Consider a partitioned table called SALES that has date-range partitions for financial quarters 1 and 2 (Q1 and Q2). The partition key is on the column QUARTER. The database gathers statistics for individual partitions so that cardinality can be estimated for queries that are pruned to a single partition. These are called partition-level statistics. To illustrate this with an example, I’m going to consider just a couple of statistics and ignore the others. The number of rows in Q1 and Q2 are 600 and 550 respectively. The number of distinct values (NDVs) for SALE_TYPE in Q1 is 30 and Q2 it’s 50:
When a query is compiled, if the Oracle Optimizer determines that it will need to access a single partition (using partition pruning, for example) then the statistics at the partition-level will be enough to help determine the execution plan. Here’s a query that reads Q1 only:
SELECT SUM(amount) FROM sales WHERE quarter = 'Q1' AND sale_type = 'DIRECT';
If the Optimizer determines at compile-time that a query has the potential to access more than one partition, then individual partition statistics are not enough. In the next example, the query needs to access more than one partition:
SELECT SUM(amount) FROM sales WHERE sale_type = 'DIRECT';
For queries that might access multiple partitions, the Optimizer must consider statistics at the table level. These statistics are known as global-level statistics:
You will know that the Oracle database can further subdivide partitions into subpartitions; a feature known as composite partitioning. For now I’m only going to talk about partitions, and later on I’ll say something about subpartition statistics.

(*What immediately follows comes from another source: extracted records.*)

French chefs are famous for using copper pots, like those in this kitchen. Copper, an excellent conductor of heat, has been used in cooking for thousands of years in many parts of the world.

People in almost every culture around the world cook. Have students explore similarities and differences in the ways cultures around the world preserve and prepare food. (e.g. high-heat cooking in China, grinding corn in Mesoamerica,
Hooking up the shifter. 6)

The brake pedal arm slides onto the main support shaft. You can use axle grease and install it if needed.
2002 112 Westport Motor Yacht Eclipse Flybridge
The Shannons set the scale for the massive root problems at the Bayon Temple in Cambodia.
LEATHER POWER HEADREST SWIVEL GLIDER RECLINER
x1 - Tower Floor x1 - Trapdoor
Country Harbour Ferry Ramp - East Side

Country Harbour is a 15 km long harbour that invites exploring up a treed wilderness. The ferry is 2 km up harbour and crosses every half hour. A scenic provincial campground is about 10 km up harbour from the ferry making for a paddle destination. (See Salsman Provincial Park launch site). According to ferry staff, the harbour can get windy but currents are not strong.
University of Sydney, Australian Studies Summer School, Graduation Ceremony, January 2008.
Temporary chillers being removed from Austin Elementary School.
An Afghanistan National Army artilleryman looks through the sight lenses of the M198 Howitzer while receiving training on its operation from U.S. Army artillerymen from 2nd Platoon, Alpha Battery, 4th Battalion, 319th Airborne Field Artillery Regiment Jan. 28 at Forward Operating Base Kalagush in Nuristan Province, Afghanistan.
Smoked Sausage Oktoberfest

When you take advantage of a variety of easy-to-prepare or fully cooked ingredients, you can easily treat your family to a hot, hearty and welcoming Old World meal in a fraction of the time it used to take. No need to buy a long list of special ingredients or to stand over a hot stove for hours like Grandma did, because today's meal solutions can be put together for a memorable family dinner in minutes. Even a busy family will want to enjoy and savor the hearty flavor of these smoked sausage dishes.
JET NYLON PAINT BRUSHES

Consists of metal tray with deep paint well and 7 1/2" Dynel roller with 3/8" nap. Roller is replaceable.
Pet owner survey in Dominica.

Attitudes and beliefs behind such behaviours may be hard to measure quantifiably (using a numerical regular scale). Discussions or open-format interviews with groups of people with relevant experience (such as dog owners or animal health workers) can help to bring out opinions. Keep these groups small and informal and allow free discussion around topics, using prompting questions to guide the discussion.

Now that we have established the need for both partition and table level statistics, how does Oracle collect them? Can the table-level statistics be derived from partition-level statistics?
It is very easy to derive NUM_ROWS at the global level from individual partitions; simply sum NUM_ROWS for each partition (e.g. 600+550=1150 in the example). Unfortunately, it isn’t that simple for the number of distinct values (denoted as NDVs). In the example above, the NDV for SALE_TYPE at the global level (55) can’t be calculated using the values 30 and 50 at the partition-level. There’s insufficient information: the basic values 30 and 50 don’t tell us anything about the overlap of SALE_TYPE values in Q1 and Q2. Consider two identical tables, TAB1 and TAB2 that contain difference SALE_TYPE values in Q1 and Q2 partitions:
In TAB1, the Q1 partition has SALE_TYPE values A and B, so the NDV is 2. Q2 has the same values, A and B, so the overall table NDV is 2. In the TAB2 case, there is no overlap in values between Q1 and Q1, so even though the partition NDV values are also 2, the overall NDV is 4.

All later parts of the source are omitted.